No Walk in the Park: The Viability and Fairness of Social Media Analysis for Parks and Recreation Policy Making

How to cite this study

Mashhadi, A., Winder, S.G., Lia, E.H. and Wood, S.A. 2021. No walk in the park: the viability and fairness of social media analysis for parks and recreational policy making. In Proceedings of the International AAAI Conference on Web and Social Media 15: 409-420.

Overview

This study examines the biases in social media analyses using different data sources that estimate the number and demographics of visitors to urban parks. Flickr, Instagram, an on-site survey, an online/phone survey, and an AI facial recognition program are utilized to address the bias that can be generated from different social media platforms. The number of visitors and demographic composition of the visitors are estimated using an AI facial recognition algorithm (Face+++).

Relevance

This study is relevant for researchers interested in using several research methods to improve social media analyses of park visitation. Visitation estimates can inform management decisions and improve recreational opportunities. Researchers should keep in mind that two important biases can develop from social media analyses: those that result from how the data is generated and those that are caused by the algorithms that analyze the data. For example, changes in the popularity of social media platforms may bias photo-user-days (PUDs) over time and AI algorithms can be trained on different datasets, potentially leading to bias in the results.

Location

This study focuses on 10 randomly selected urban parks in Seattle, Washington.

Trail Type

This study evaluates 10 city parks in Seattle, Washington, representing a broad range of park types, neighborhoods, and user groups.

Purpose

The purpose of this study was to determine whether geo-located images shared publicly on social media can offer an accurate portrait of urban park visitors and their demographics. The funding for this work was provided by the Bullitt Foundation.

Findings

  • Instagram PUDs were found to be substantially higher than Flickr PUDs from January 2016-January 2019.  The number of Instagram photos increased overall while the number of photos posted on Flickr declined, potentially reflecting the popularity of the platforms over time. 
  • The average number of people that appear in photographs (counted by humans) is consistent between Instagram and Flickr. However, Face++ undercounts people in social media photos, leading to an underestimate of park visitation rates. 
  • According to the demographic detection feature of Face++, Flickr images contain a greater number of children, with a manual inspection of some of the images indicating that Flickr is more often used for photographing sports events that included children.
  • The facial recognition algorithm fails to detect subjects in photographs of group activities. 
  • Photographs containing children are twice as likely to be under-detected by the algorithm compared to images that lack children.
  • In the intercept survey, more respondents reported their race as White than those in the social media posts identified by Face+++. This indicates that in this study the content of photographs captures a greater proportion of non-white visitors than traditional methods of surveying park users.

Methods

This study uses people counted from images posted on Flickr and Instagram from January to  2016 to January 2019 to estimate visitation rates and visitor demographics. This demographic data was then compared to a visitor-intercept survey and a larger-scale multi-model survey of Seattle residents. The intercept survey took place at five randomly selected park exits and asked visitors to complete a written survey in English about visitors’ activities, demographics, and experiences in parks in their neighborhood. Responses were voluntary and no compensation was provided. 165 surveys were collected. In the multi-model survey, an 830-participant web and phone survey commissioned by Seattle Parks and Recreation was filtered to include responses of only those who live in the same sites and selected participants who visit the park more than10 times per year, reducing the sample to 72 participants. 

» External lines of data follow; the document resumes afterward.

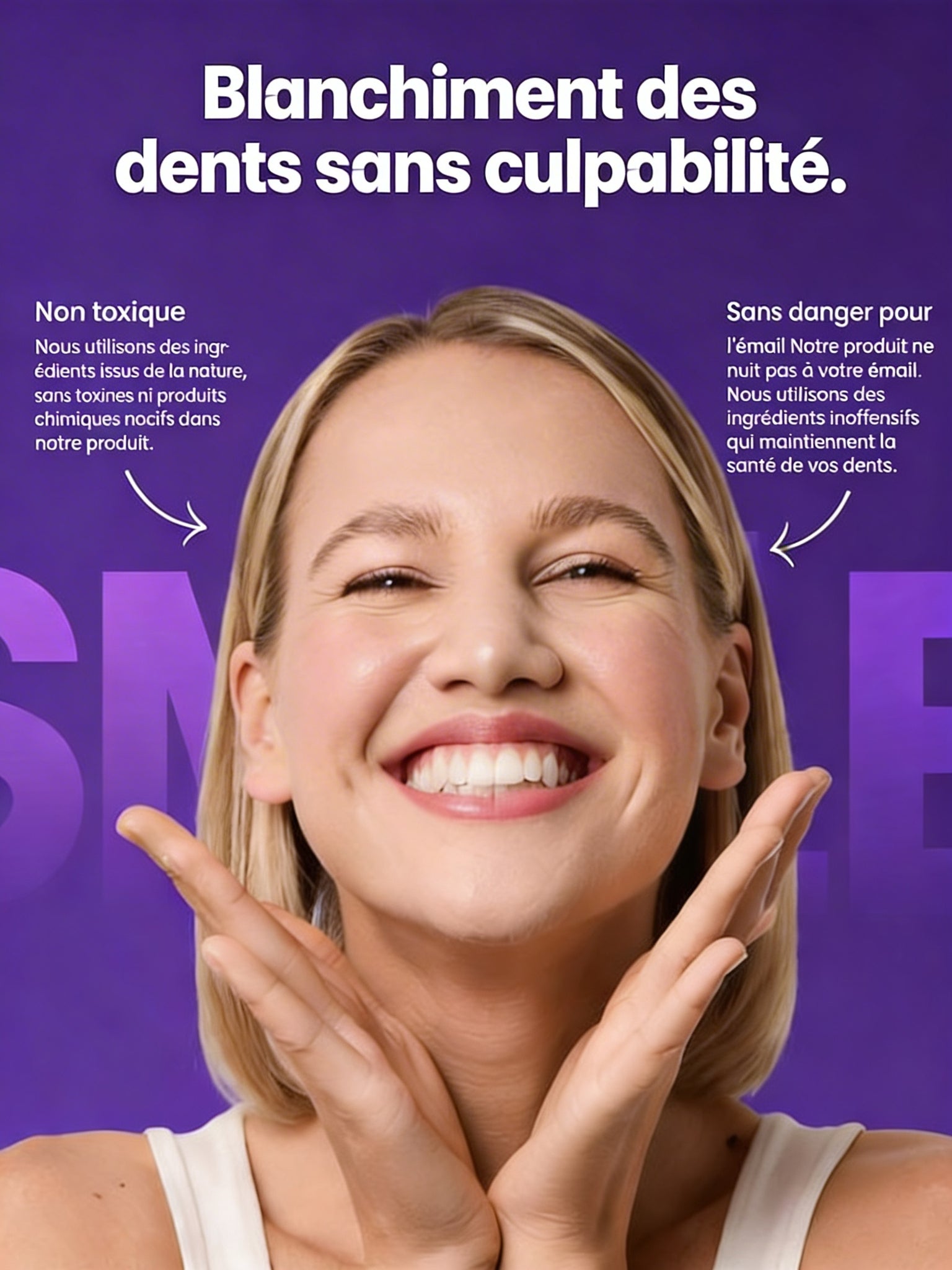 Le violet est la couleur complémentaire du jaune. Il neutralise les taches jaunes sur les dents, rendant instantanément votre sourire plus éclatant.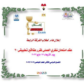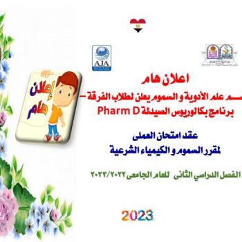 An Important Announcement for Fourth Year Students A theoretical and practical exam for the Applied Drugs Pharmacognosy-2 will be held on Wednesday, May 17, 2023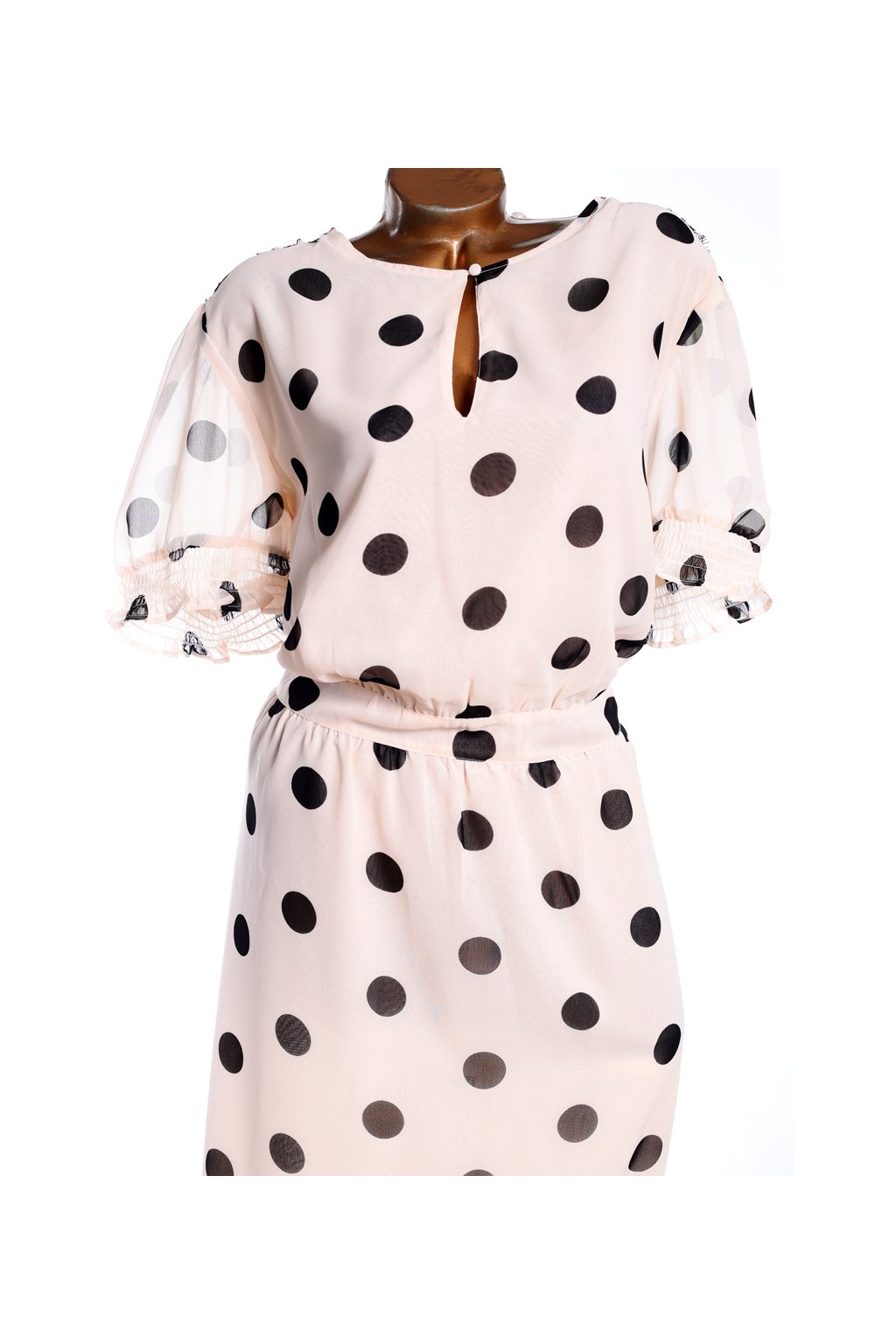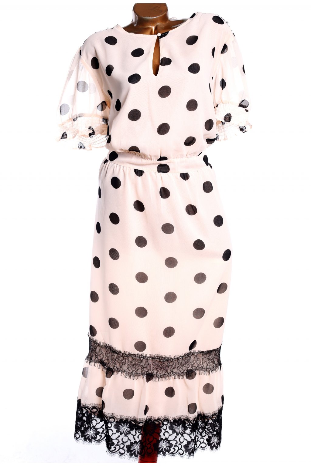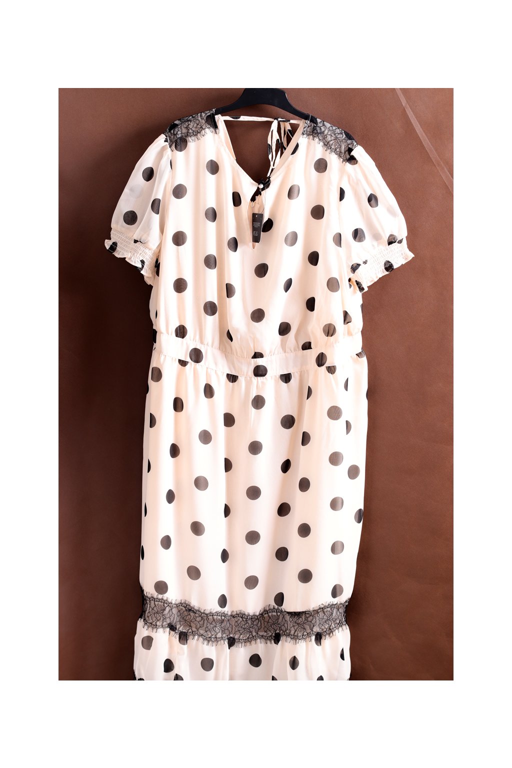 Dámské béžové značkové šaty s černými puntíky / J.D. WILLIAMS / XXXXL+ (58) / UK 30 / ANGLIE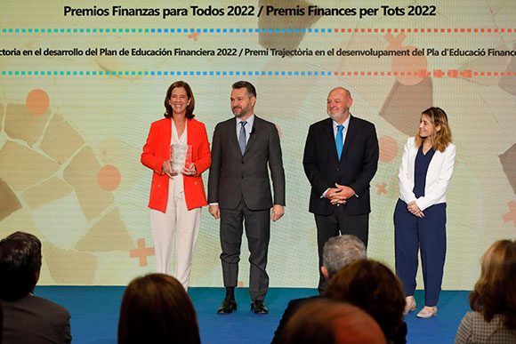 The final of the Financial Literacy Contest took place at main event in Barcelona, presented by journalist Anna Boadas, with the ceremony conferring the 2022 Finances for All awards for Financial Education, together with the 2020 awards since these could not be handed over in person that year due to the COVID-19 pandemic.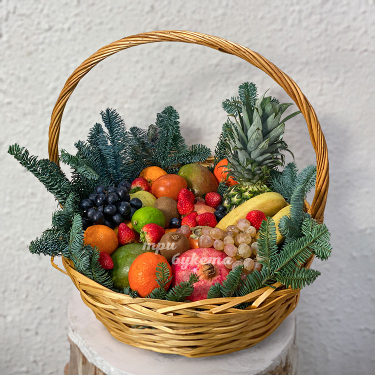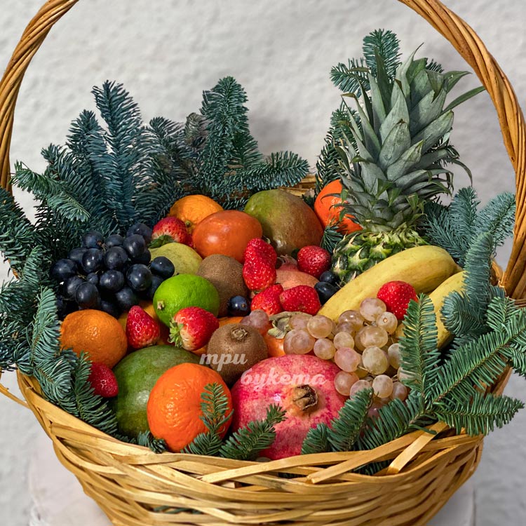 Корзина на новый год с фруктами с хвоей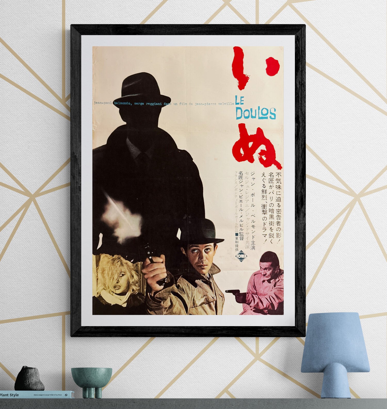 This is an original Japanese B2 poster issued in Japan for Jean‑Pierre Melville’s Le Doulos (1962), one of the director’s defining underworld noirs—cool, fatalistic, and meticulously staged—starring Jean‑Paul Belmondo and Serge Reggiani. In Japan, the film was memorably titled いぬ (“Dog”), a pointed choice: in Japanese criminal/police slang, inu can suggest an informer or stool pigeon, perfectly matching the film’s atmosphere of betrayal and shifting loyalties.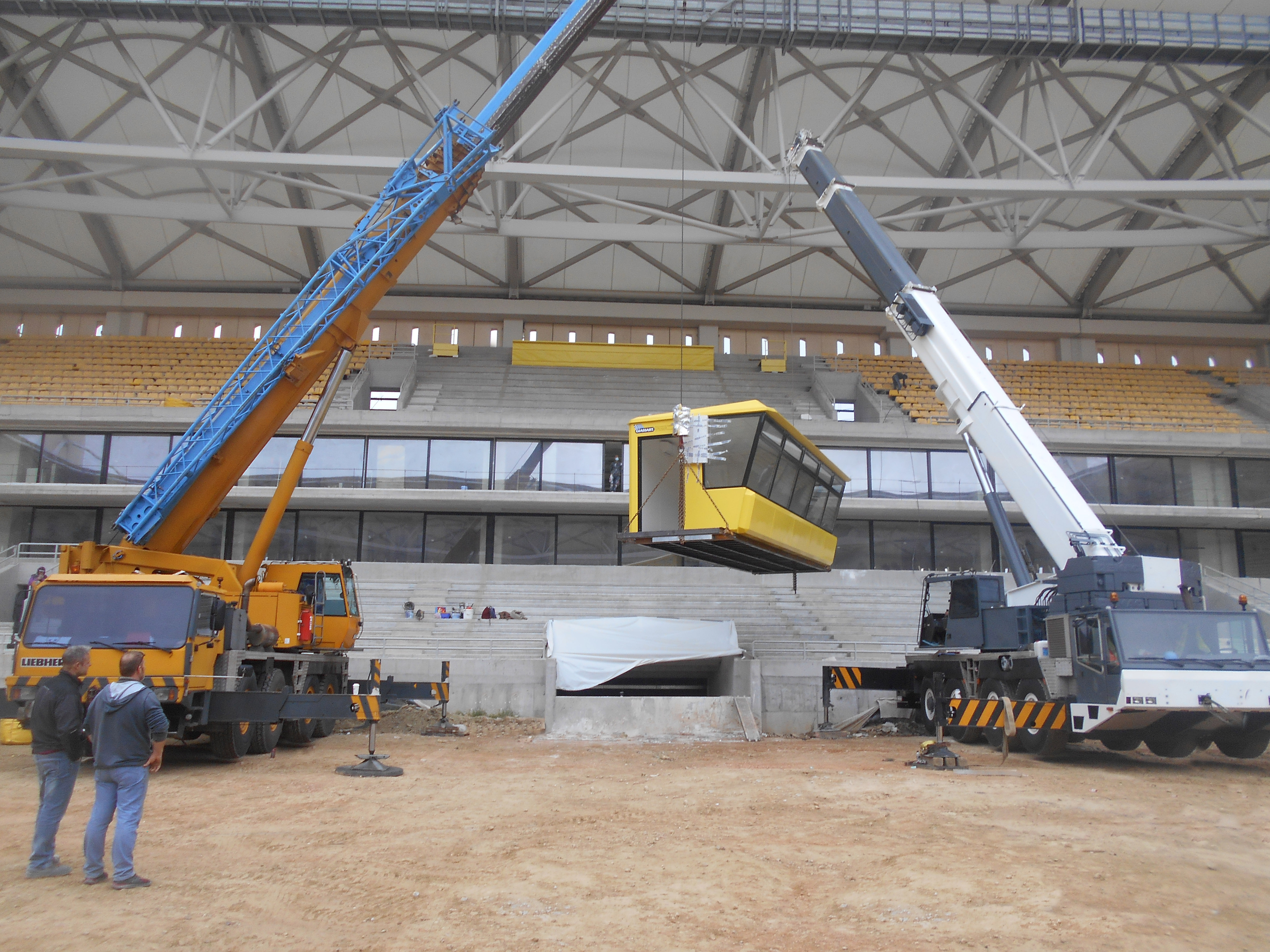 GLASSART constructed and installed press boxes-booths at the new stadiums of AEK. A steel booth for television and journalistic coverage of FERRON series was installed at the new stadium of AEK training center, while at the stadium in Nea Filadelfia a polyester booth (GRP) of the THEA series was installed.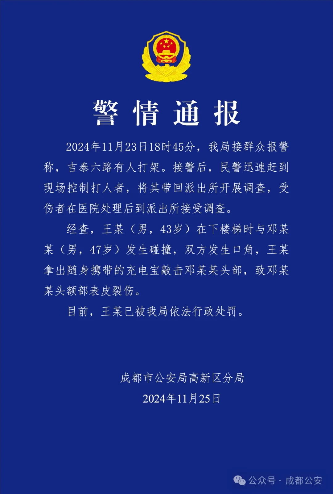 成都公安:男子用充电宝敲击他人头部致其受伤,被行政处罚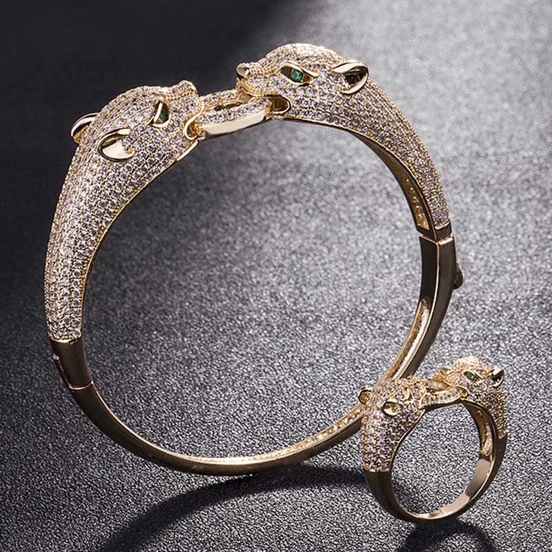 Special Offer Statement Two Leopard Animal Bangle For Men Jewelry Brand cubic Zirconia Love Bangle Anel Men Anniversary Jewelry Discount 50% Today!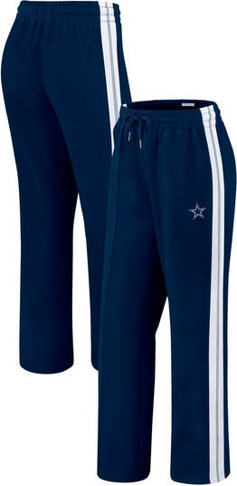 WEAR by Erin Andrews designed these Color-Block Straight Leg Pants for a comfy and stylish Dallas Cowboys look. Heavy tricot fabric drapes beautifully for comfortable movement, while the drawstring-adjustable waistband allows for a customized fit. Side stripes accentuating the embroidered Dallas Cowboys logo add a sporty finish to these fashion-forward pants.

To study the biases in Instagram and Flickr, the number of people in photographs was manually counted by humans through Amazon Mechanical Turk and artificially counted using Face+++, an AI facial recognition program. These results were then compared to the human-labeled count and the algorithm, identifying false positives where the Face+++ over-counted people in the image (by mistaking a painting for a face, for example) or false negatives where faces should have been detected but were not. Demographics were divided into categories of “white” or “non-white” and “children” or “adults.” 500 pictures were analyzed.


Added to library on November 27, 2023